> **WORK TO COMPLETE**: Restate word for word the entries below, starting at the line with "- SPACE-SAVING SOLUTION: Each" and ending at the line with "Lotto composto da". Keep both end lines and omit the pictures.

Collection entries
'''

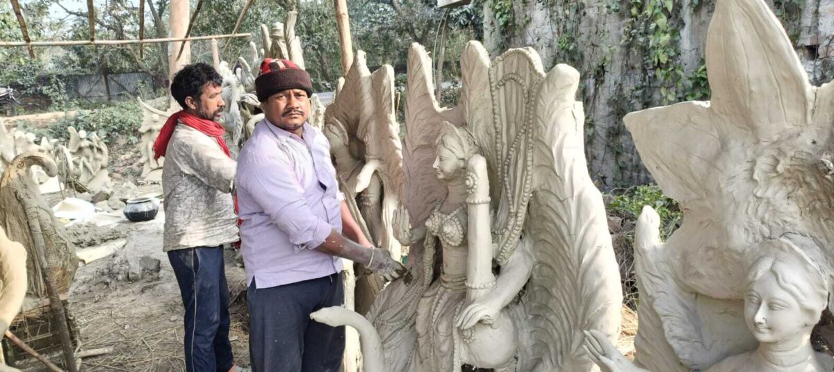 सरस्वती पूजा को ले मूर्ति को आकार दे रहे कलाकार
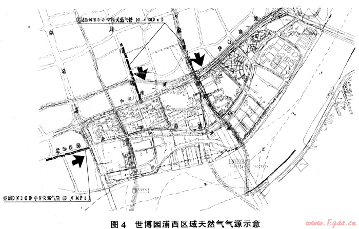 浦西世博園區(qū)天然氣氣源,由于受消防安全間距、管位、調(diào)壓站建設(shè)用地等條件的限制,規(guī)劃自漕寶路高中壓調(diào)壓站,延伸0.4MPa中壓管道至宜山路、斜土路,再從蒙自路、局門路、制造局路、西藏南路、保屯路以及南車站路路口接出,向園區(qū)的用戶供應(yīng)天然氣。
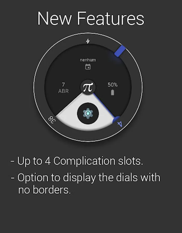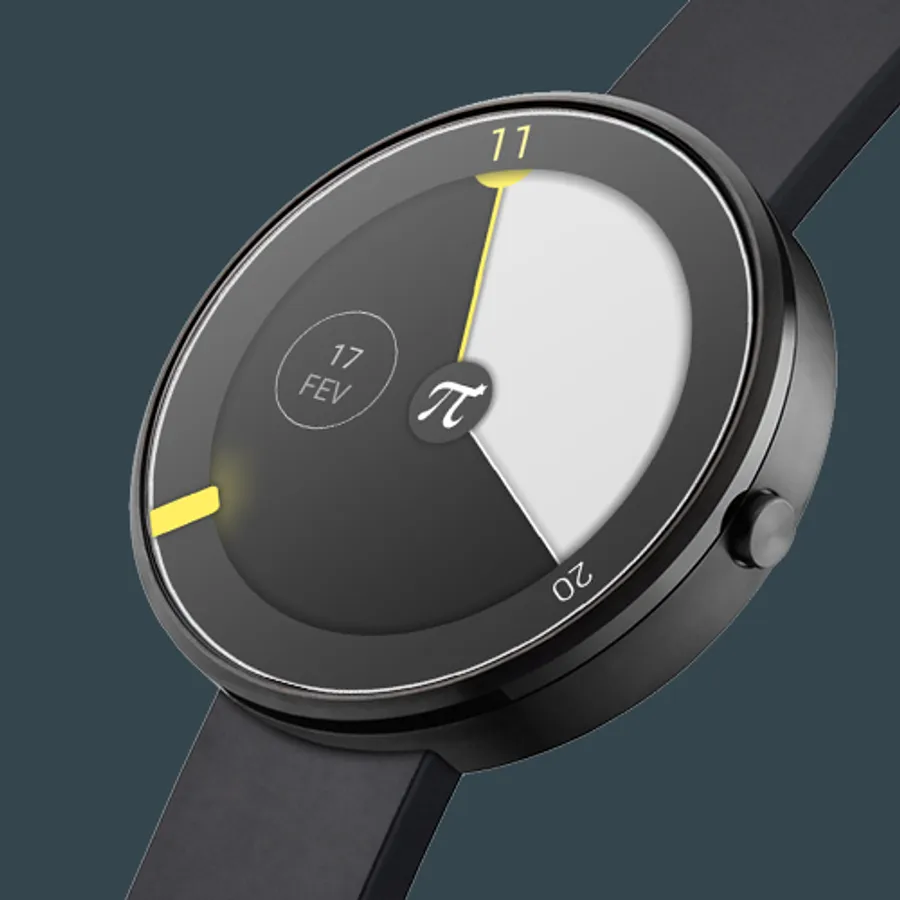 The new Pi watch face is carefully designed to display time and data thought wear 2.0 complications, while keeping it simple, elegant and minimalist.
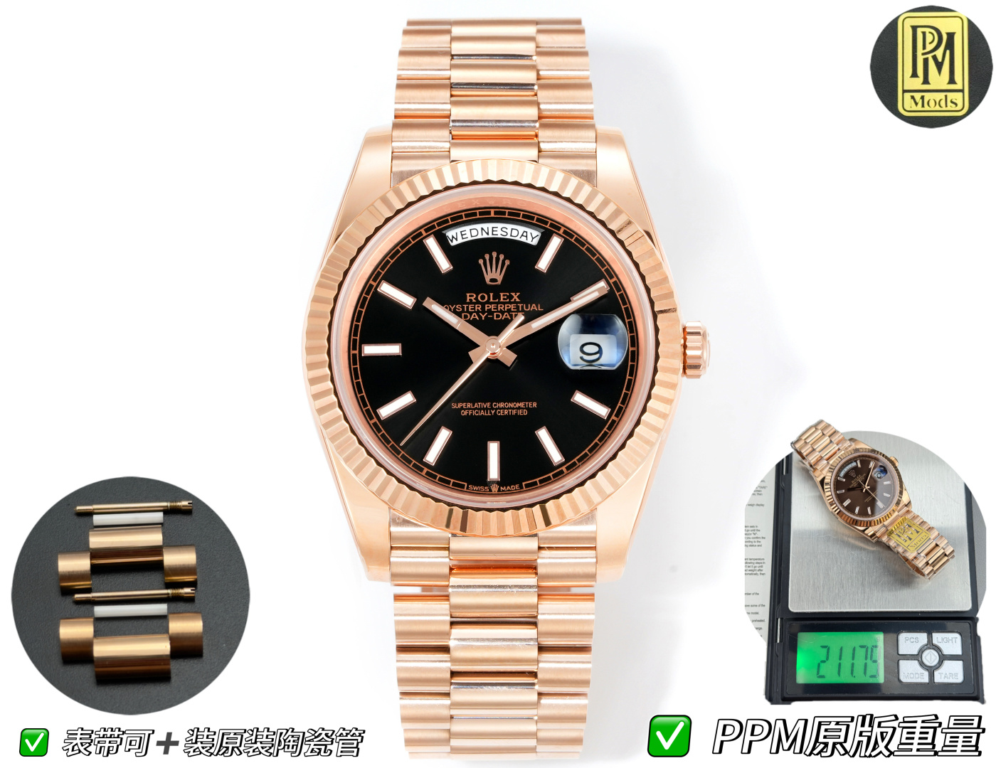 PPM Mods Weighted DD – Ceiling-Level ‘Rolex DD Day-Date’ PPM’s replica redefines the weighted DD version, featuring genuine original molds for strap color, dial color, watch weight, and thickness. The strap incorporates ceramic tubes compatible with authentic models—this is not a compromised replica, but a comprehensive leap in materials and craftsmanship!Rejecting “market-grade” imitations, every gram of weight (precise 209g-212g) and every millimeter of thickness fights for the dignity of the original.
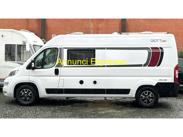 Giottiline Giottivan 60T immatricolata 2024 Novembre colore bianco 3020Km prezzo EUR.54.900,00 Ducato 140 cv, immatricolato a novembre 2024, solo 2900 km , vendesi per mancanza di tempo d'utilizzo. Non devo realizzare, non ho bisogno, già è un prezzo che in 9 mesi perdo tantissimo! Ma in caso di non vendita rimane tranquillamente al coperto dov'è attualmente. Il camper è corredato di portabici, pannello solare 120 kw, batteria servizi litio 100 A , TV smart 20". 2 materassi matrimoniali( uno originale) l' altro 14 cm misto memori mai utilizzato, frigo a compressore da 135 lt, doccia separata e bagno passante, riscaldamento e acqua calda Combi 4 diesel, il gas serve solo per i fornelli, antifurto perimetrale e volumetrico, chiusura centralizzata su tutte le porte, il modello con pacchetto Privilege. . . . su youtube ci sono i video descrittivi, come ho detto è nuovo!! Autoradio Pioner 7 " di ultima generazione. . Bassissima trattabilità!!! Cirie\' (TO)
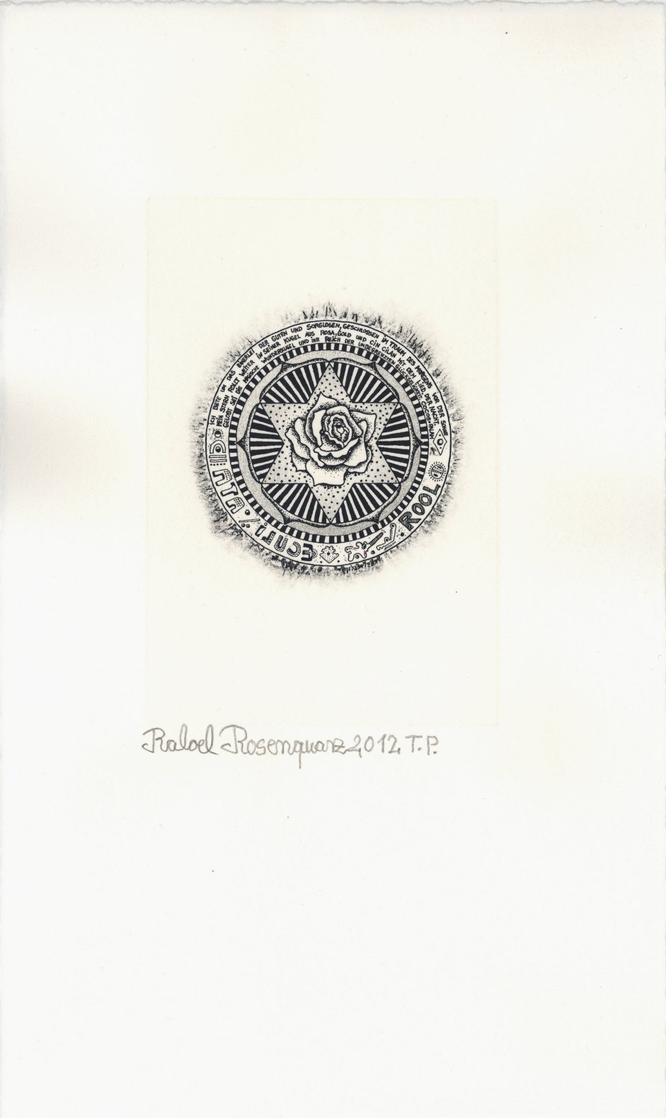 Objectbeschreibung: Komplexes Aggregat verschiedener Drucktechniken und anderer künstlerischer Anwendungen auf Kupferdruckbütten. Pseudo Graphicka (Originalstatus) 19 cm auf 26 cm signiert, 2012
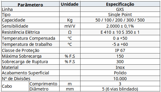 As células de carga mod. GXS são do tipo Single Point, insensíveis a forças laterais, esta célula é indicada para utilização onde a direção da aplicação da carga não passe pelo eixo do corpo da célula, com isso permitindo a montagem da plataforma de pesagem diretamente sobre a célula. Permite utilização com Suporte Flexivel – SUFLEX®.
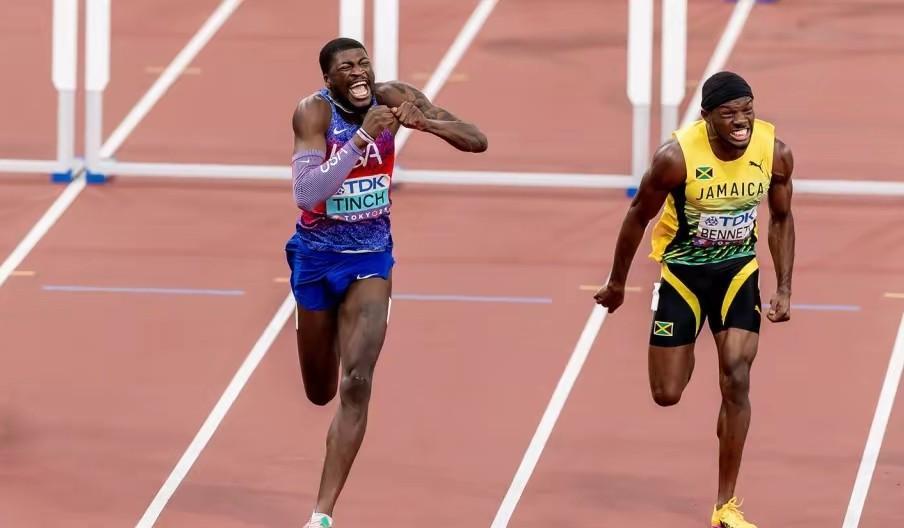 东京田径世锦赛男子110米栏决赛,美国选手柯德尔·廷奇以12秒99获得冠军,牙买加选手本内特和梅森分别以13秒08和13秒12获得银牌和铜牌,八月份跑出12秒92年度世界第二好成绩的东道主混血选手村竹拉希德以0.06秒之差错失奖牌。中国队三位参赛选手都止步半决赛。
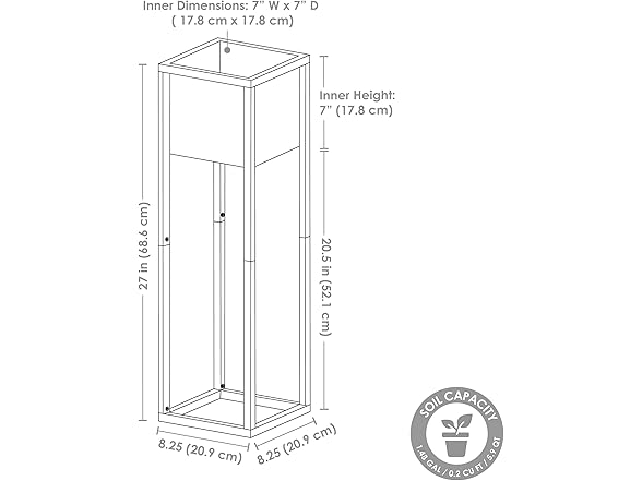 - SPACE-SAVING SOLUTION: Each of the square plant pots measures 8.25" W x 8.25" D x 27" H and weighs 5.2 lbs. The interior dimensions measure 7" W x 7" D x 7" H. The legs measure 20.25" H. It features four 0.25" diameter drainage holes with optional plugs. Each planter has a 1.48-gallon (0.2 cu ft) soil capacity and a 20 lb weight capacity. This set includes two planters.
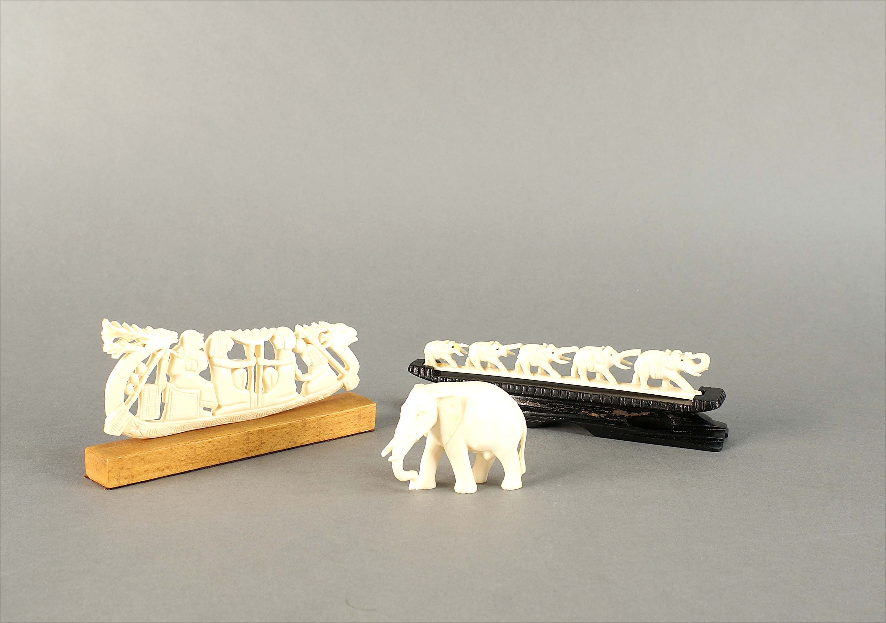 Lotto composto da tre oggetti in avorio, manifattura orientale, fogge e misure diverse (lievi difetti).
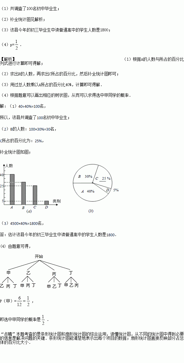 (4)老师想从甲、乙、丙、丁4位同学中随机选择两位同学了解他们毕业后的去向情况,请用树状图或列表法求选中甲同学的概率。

'''

> **EXERCISE OUTPUT**:
 - SPACE-SAVING SOLUTION: Each of the square plant pots measures 8.25" W x 8.25" D x 27" H and weighs 5.2 lbs. The interior dimensions measure 7" W x 7" D x 7" H. The legs measure 20.25" H. It features four 0.25" diameter drainage holes with optional plugs. Each planter has a 1.48-gallon (0.2 cu ft) soil capacity and a 20 lb weight capacity. This set includes two planters.
 Lotto composto da tre oggetti in avorio, manifattura orientale, fogge e misure diverse (lievi difetti).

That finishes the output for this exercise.